→ **PROBLEM TO WORK ON**
What is needed is the exact text of each line in the listing below from the one with "Detetor de Movimento" up to and including the one with "Slika 2. ZYMV: bradavičavost ploda", and no pictures.

→ **PROVIDED MATERIAL**
*** Block opens ***
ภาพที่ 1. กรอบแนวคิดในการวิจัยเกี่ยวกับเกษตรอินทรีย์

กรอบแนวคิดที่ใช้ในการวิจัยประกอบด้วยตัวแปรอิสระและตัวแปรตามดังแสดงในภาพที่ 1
*** Block closes ***
*** Block opens ***
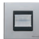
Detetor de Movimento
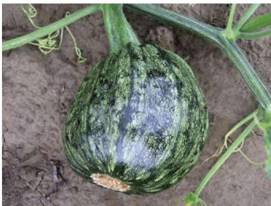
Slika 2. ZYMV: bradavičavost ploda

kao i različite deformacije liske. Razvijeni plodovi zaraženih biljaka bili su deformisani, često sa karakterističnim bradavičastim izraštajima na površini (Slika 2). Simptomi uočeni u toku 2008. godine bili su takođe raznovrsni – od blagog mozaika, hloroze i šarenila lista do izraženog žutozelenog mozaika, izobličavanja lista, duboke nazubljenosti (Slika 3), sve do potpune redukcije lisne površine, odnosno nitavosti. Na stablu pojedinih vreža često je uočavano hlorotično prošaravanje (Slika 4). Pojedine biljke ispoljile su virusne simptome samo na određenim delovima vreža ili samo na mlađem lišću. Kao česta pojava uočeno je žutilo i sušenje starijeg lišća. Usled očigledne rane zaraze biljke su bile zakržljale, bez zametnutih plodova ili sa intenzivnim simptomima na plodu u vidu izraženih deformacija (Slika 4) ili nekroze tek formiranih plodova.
*** Block closes ***
→ **EXERCISE SOLUTION**
Detetor de Movimento
Slika 2. ZYMV: bradavičavost ploda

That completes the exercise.